::: DATA :::
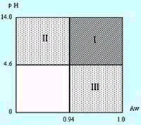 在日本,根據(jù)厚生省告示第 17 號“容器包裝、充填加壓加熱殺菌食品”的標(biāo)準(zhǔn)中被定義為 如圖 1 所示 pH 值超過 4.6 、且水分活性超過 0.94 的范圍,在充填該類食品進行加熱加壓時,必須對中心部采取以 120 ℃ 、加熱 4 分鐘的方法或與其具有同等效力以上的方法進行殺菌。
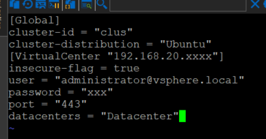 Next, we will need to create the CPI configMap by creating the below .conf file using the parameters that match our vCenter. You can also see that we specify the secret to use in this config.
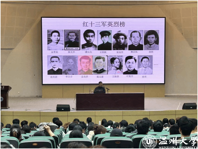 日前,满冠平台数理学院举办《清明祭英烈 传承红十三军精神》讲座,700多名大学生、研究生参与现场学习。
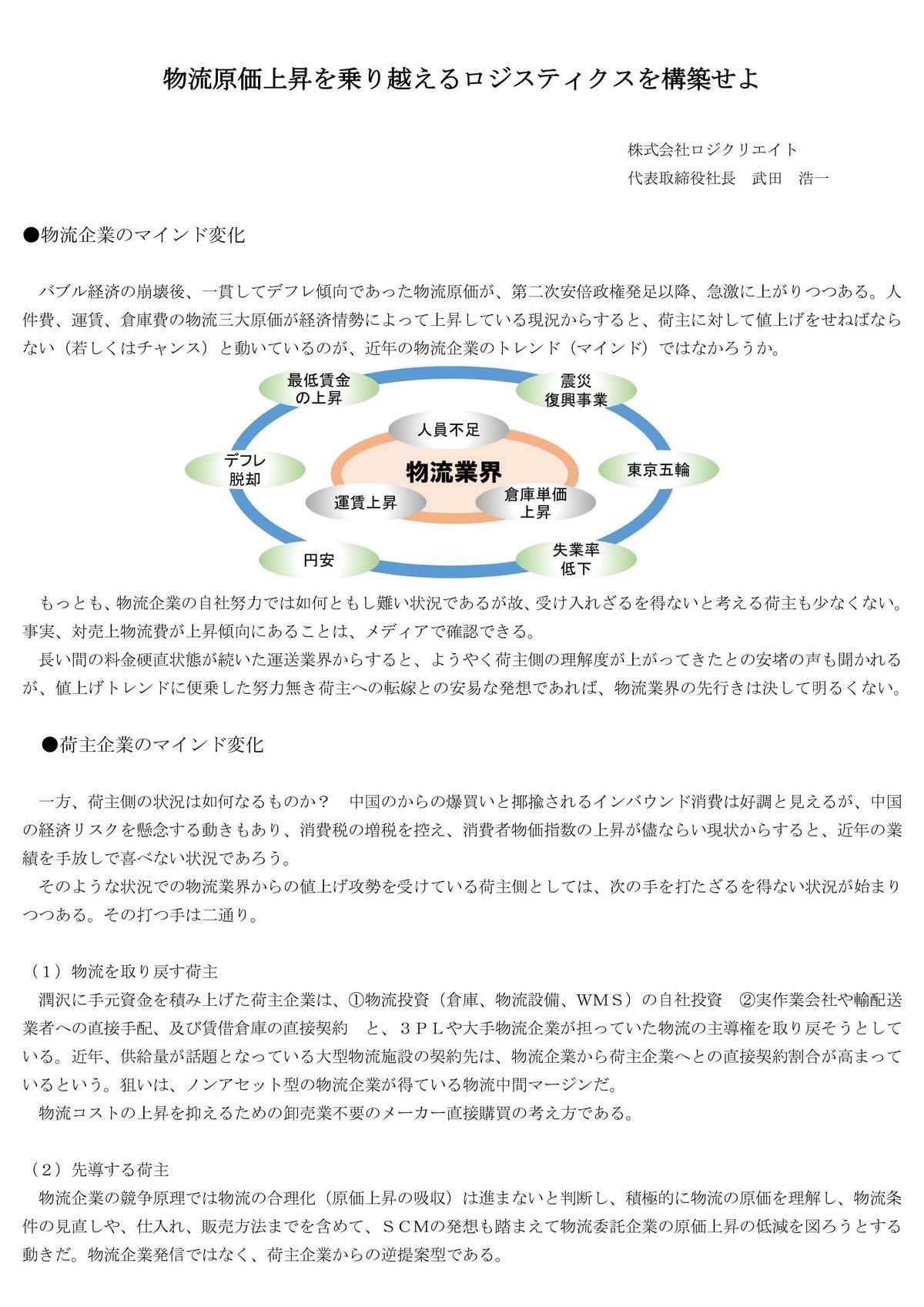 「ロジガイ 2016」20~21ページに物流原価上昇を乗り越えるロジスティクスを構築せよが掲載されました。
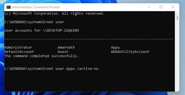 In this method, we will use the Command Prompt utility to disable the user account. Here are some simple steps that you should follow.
:::
■ REQUIRED ACTION ■
The whole listing above must be duplicated word for word, apart from its pictures.

■ ANSWER ■
 在日本,根據(jù)厚生省告示第 17 號“容器包裝、充填加壓加熱殺菌食品”的標(biāo)準(zhǔn)中被定義為 如圖 1 所示 pH 值超過 4.6 、且水分活性超過 0.94 的范圍,在充填該類食品進行加熱加壓時,必須對中心部采取以 120 ℃ 、加熱 4 分鐘的方法或與其具有同等效力以上的方法進行殺菌。
 Next, we will need to create the CPI configMap by creating the below .conf file using the parameters that match our vCenter. You can also see that we specify the secret to use in this config.
 日前,满冠平台数理学院举办《清明祭英烈 传承红十三军精神》讲座,700多名大学生、研究生参与现场学习。
 「ロジガイ 2016」20~21ページに物流原価上昇を乗り越えるロジスティクスを構築せよが掲載されました。
 In this method, we will use the Command Prompt utility to disable the user account. Here are some simple steps that you should follow.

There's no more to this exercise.